Today is the age of data. It is the age of digital transformation and the transformation of the industrial manufacturing plant. There are billions of physical devices around the world that are now connected to the Internet that collect and share data, and the term used to refer to this phenomenon is the Internet of Things or IoT.
Apply IoT to industrial manufacturing, and you have the Industrial Internet of Things (IIoT) or Industry 4.0. Factories that have this connectivity and that have the ability to capture and store process data (Big Data) are called Smart Factories. In turn, these smart factories enable smart manufacturing with centralized networks that link assets and that can connect factories digitally worldwide.
But what should be done with this Big Data? How can companies gain insight into this data and use it to improve production processes, team, and plant efficiency? The answer is technology, and it is the common denominator between digital transformation and smart factories.
Technology allows experts to make sense out of the immense amount of captured process data. The key is to democratize this data into the hands of all process experts with self-service analytics. This tool enables real-time learning and data-driven decision making across the manufacturing production process.
What does a Smart Factory look like?
A smart factory has three essential characteristics: First, it democratizes data and empowers plant personnel with advanced analytics to analyze and interpret plant data enabling them to gain real-time process insights.
Through this data democratization, process experts can build actionable dashboards to monitor production in real time; solve process performance issues; test and verify hypotheses; gain insights from contextual information contained within 3rd party business applications; and improve plant performance.
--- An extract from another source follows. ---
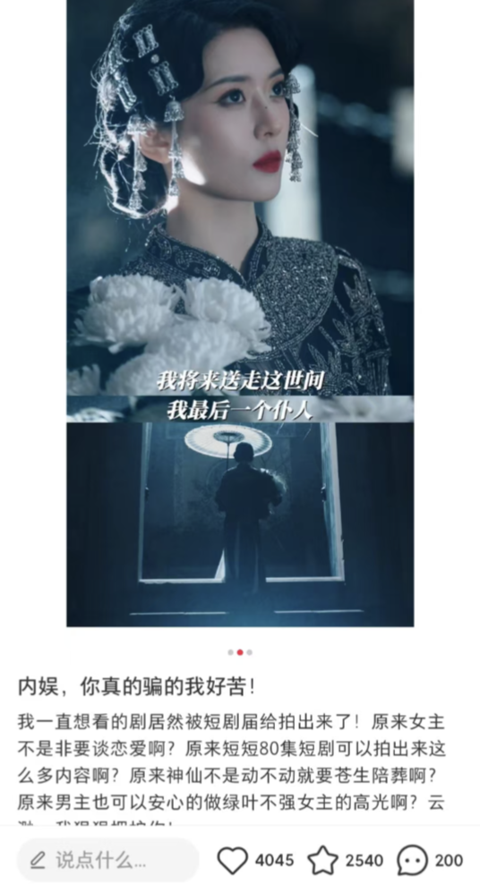 掐脖霸总成为过去时,年轻的女性用户爱上新故事。比如《引她入室》,丢掉了陈旧的雌竞套路,讲述了女性联手复仇的新故事。比如《谁在说朕坏话》,在常见的“听见心声”梗中融入双重人格元素,让人耳目一新。精良的服化道,韩剧质感的细腻画面,唯美浪漫的氛围……微短剧逐渐撕掉“土味”标签。

Second, it uses analytics-driven insights to achieve continuous improvement of operational performance. Its management teams share best practices and have a “start small, scale fast” mindset which enables vertical integration of analytics throughout the entire organization.
Third, personnel use and share operational data across data silos. Individual departments and teams with specific expertise can directly utilize analytics without depending on data scientists. This “self-service” approach enables smart factories to avoid the delays and costs of data science projects, to achieve higher ROI, and to accelerate project time-to-value and time-to-impact.
A Smart Factory’s Success and Production Process Improvements
A smart factory is data-driven, one that allows plant managers to fully utilize its potential to establish cohesive, in-sync process teams and operations. It has integrated data sources with no data silos, clear data governance models, no gatekeepers or manual interactions, and full access to the right resources.
Moreover, its set-up incorporates the three building blocks for data-driven decision making: people, management, and technology. The people are the end users who are the crucial knowledge holders of the processes and who can unlock the hidden value of the data. The management is the driver for success and is the central group that facilitates digitalization and commits to forward thinking and change. The technology, like self-service analytics, breaks data silos ensuring correct, quality, and timely data to all personnel.
Of course, each organizational level plays a part in the plant operation, and by giving process experts an advanced manufacturing self-service analytics platform, management is adopting a forward thinking and competitive strategy to optimize plant data, operations, and personnel. What is achieved is a highly functional and productive team and plant. The results - breakthroughs in productivity, profitability, and competitiveness.